The simplest thing you could do is to just discard order and treat text as an unordered set of words – the _bag-of-words models_ – or you could treat words as an ordered sequence – here an RNN would be the choice. Additionally, a hybrid approach is possible: the **Transformer architecture**.

Transformers are order-agnostic, yet they inject word-position information into the representations it processes, which enables it to simultaneously look at different parts of a sentence (unlike RNNs) while still being order-aware. Because they take into account word order, both RNNs and Transfromers are called _sequence models_.

### IMDB example
Let's demonstrate both approaches with the same IMDB sentiment-classification dataset as previously. First, we'll prepare the IMDB movie reviews data – this time from scratch.

In [None]:
!curl -O https://ai.stanford.edu/~amaas/data/sentiment/aclImdb_v1.tar.gz
!tar -xf aclImdb_v1.tar.gz
!rm -r aclImdb/train/unsup

  % Total    % Received % Xferd  Average Speed   Time    Time     Time  Current
                                 Dload  Upload   Total   Spent    Left  Speed
100 80.2M  100 80.2M    0     0  5610k      0  0:00:14  0:00:14 --:--:-- 13.1M


In [None]:
# Take a look at the content of a few of these text files
!cat aclImdb/train/pos/4077_10.txt

I first saw this back in the early 90s on UK TV, i did like it then but i missed the chance to tape it, many years passed but the film always stuck with me and i lost hope of seeing it TV again, the main thing that stuck with me was the end, the hole castle part really touched me, its easy to watch, has a great story, great music, the list goes on and on, its OK me saying how good it is but everyone will take there own best bits away with them once they have seen it, yes the animation is top notch and beautiful to watch, it does show its age in a very few parts but that has now become part of it beauty, i am so glad it has came out on DVD as it is one of my top 10 films of all time.

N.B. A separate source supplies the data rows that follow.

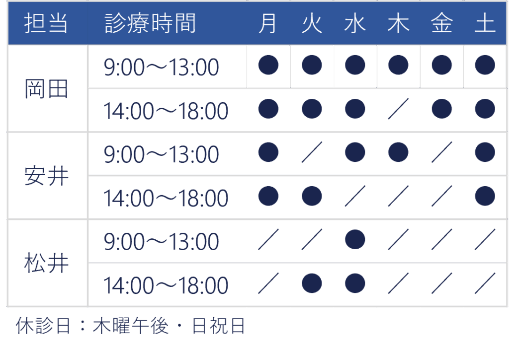 担当は火曜日(午後)・水曜日です。体制表はこちら - 事前のご予約がない当日の受診について
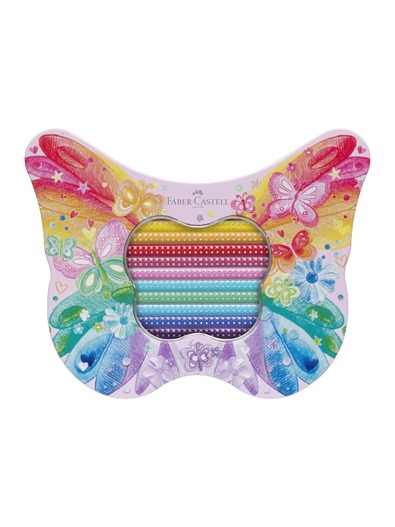 Hi Sparkle! Sparkle colour pencils make childrenA´s eyes glitter; Colour pencils with an attractive sparkle effect; Colourful butterfly-shaped tin containing 12 colour pencils in brilliant standard colours and 8 pastel colours; Butterfly stickers included; Ideal for storage and for on the move; Ergonomic triangular shape; Brilliant and pastel colours with a soft colour laydown; Highest break resistance due to secural bonding process (SV); Washes out of most fabrics; Wood from sustainable forestry; Environmentally-friendly water-based varnish; Colour pencils from carbon-neutral production; Suitable for right- and left-handers
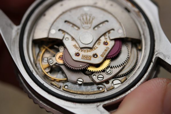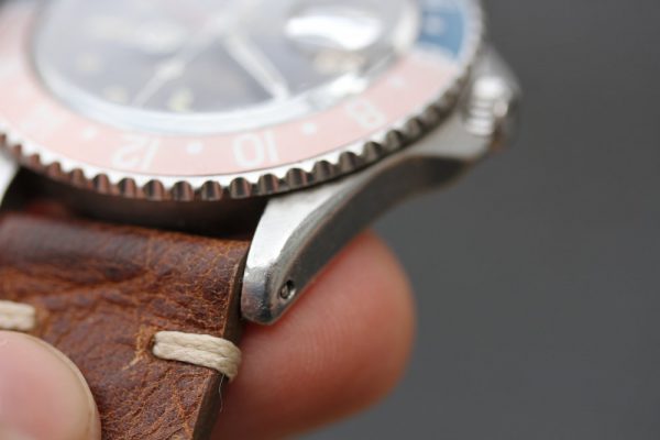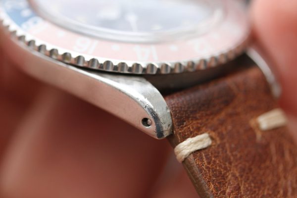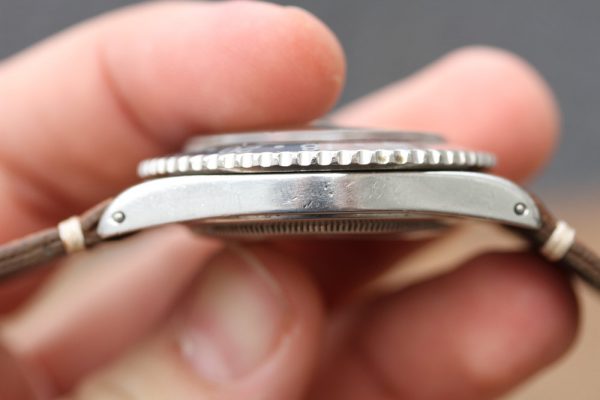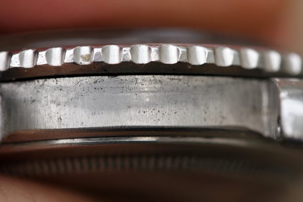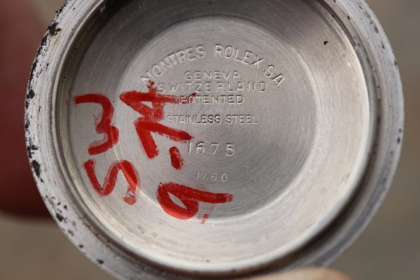 Excellent vintage condition case. The lugs are thick and clearly show original chamfers. The watch shows sign of being worn, but no refinishing. PCG’s are crisp and sharp. There is bracelet wear between the lugs, you can see the top of the original numbers and can make out that its a 1675 obviously, the serial number also top parts of numbers are original, while the rest of them were touched up in an effort to preserve.
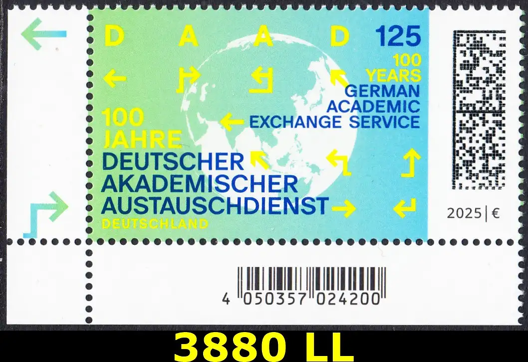 BUND 2025 Michel-# 3880 postfrisch EINZELMARKE ECKRAND unten links
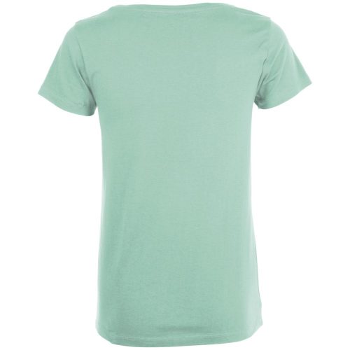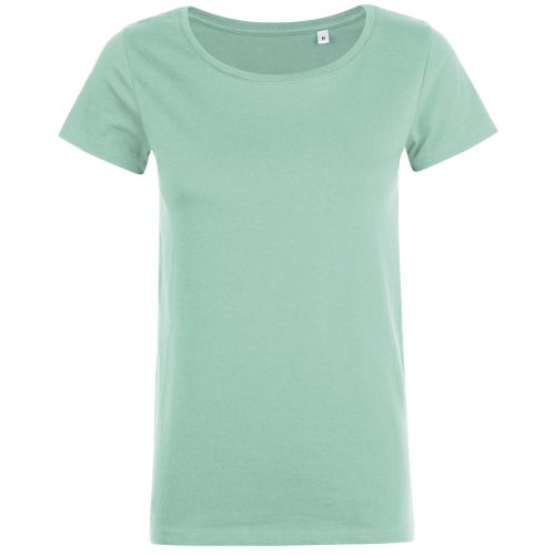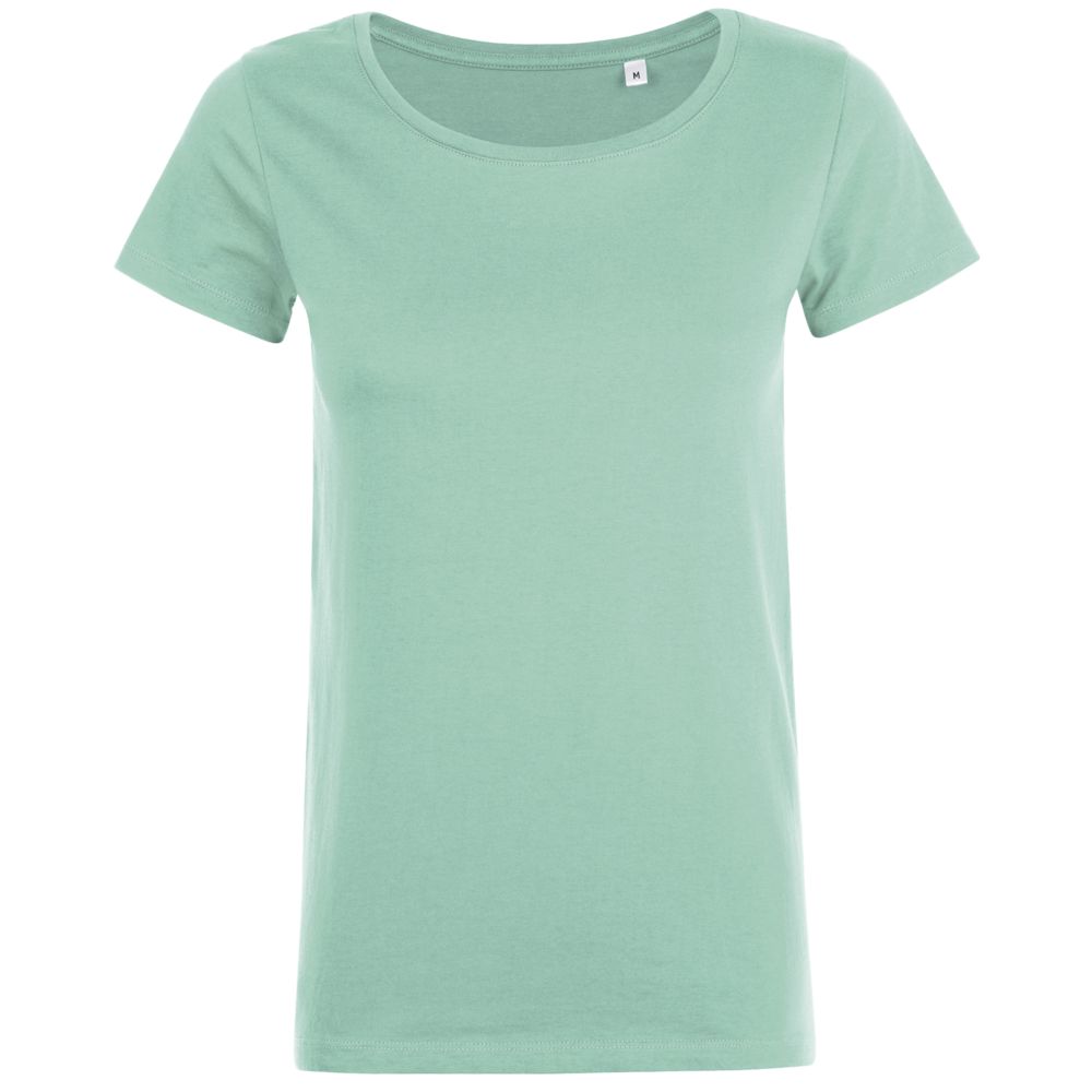 Приталенная кроеная футболка с женственной круглой горловиной. Ворот в тонкую резинку с укрепляющей тесьмой.
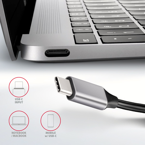 HDMI výstup poskytuje kvalitní obraz až do rozlišení 4K/30Hz Ultra HD a podporuje přenos vícekanálového zvuku. Podporována jsou také oblíbená hráčská rozlišení WQHD 2560 x 1440 při 60Hz nebo FullHD 1920 x 1080 při 60, 100 a 120Hz max. Pro správné fungování video výstupu je nutné, aby USB-C port notebooku podporoval DisplayPort Alternate Mode (DP Alt Mode) nebo Thunderbolt 3.
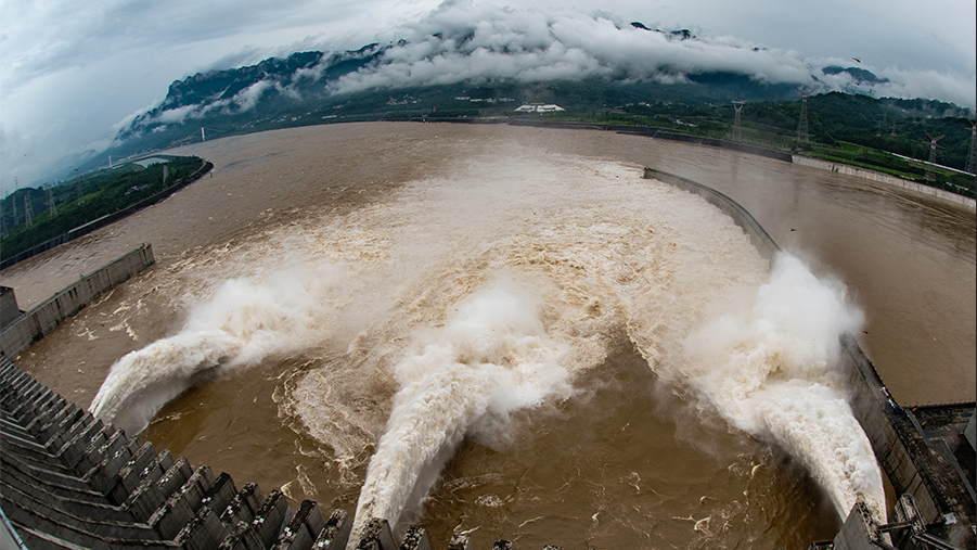 2020年7月2日,湖北宜昌,長(zhǎng)江三峽樞紐開(kāi)啟泄洪深孔泄洪。
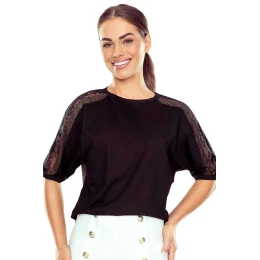 Bluzka damska Atila z rękawem 3/4 to elegancka i uniwersalna propozycja dla kobiet, które cenią połączenie klasyki z subtelnymi, kobiecymi detalami. Model został wykonany z wysokiej jakości miękkiej i elastycznej wiskozy, która doskonale dopasowuje się do sylwetki, zapewniając komfort noszenia przez cały dzień. Klasyczny okrągły dekolt nadaje bluzce ponadczasowy charakter, natomiast efektowne koronkowe wstawki na ramionach i rękawach przyciągają wzrok i dodają całości elegancji. Rękawy o długości do łokcia sprawiają, że bluzka Atila idealnie sprawdziEAN čárové kódy zboží jsou:
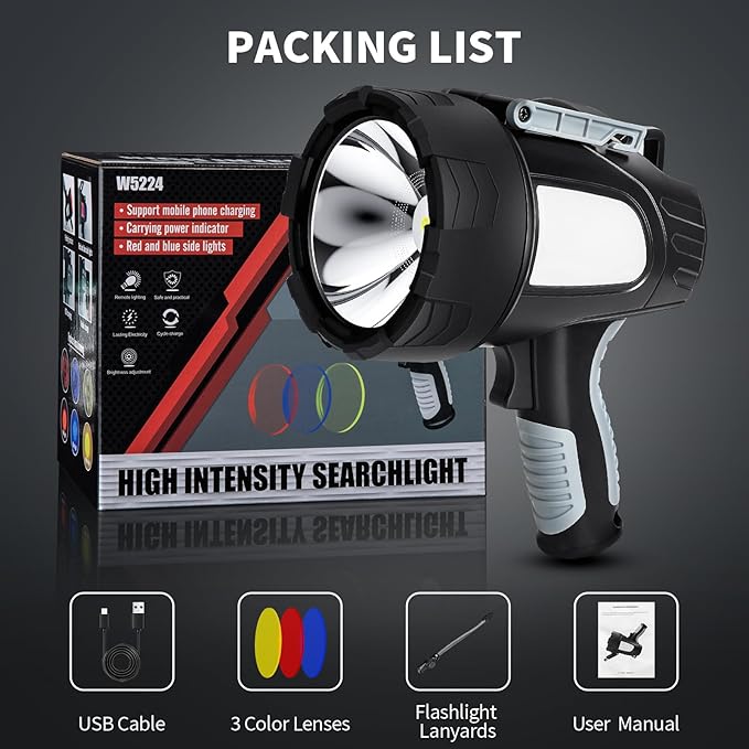 - 【4 Colors Filters & Foldable Tripod】 - In addition to the standard white light, the handheld spotlight main light also comes with (red-blue-yellow) 3 color filters that are replaceable and can project different colors to meet different needs. Lighting environment requirements. Built-in foldable tripod allows for hands-free boating, camping, and car maintenance. The included lanyard makes it easy to carry the spotlight.

Buy it or rent it just see it, best viewing is at night alone with drink and food in reach so you don't have to stop the film.<br /><br />Enjoy

Next, let's prepare a validation set by setting apart 20% of the training text files in a new directory, `aclImdb/val`:

In [None]:
# Imports
import os, pathlib, shutil, random
import tensorflow as tf
from tensorflow import keras
from tensorflow.keras import layers

In [None]:
base_dir = pathlib.Path("aclImdb")
val_dir = base_dir / "val"
train_dir = base_dir / "train"

for category in ("neg", "pos"):
    os.makedirs(val_dir / category)
    files = os.listdir(train_dir / category)
    random.Random(1337).shuffle(files)
    num_val_samples = int(0.2 * len(files))  # Take 20% of the training for val
    val_files = files[-num_val_samples:]  # and slice it from the end of files
    for fname in val_files:
        shutil.move(train_dir / category / fname,  # Move the files from train to val
                    val_dir / category / fname)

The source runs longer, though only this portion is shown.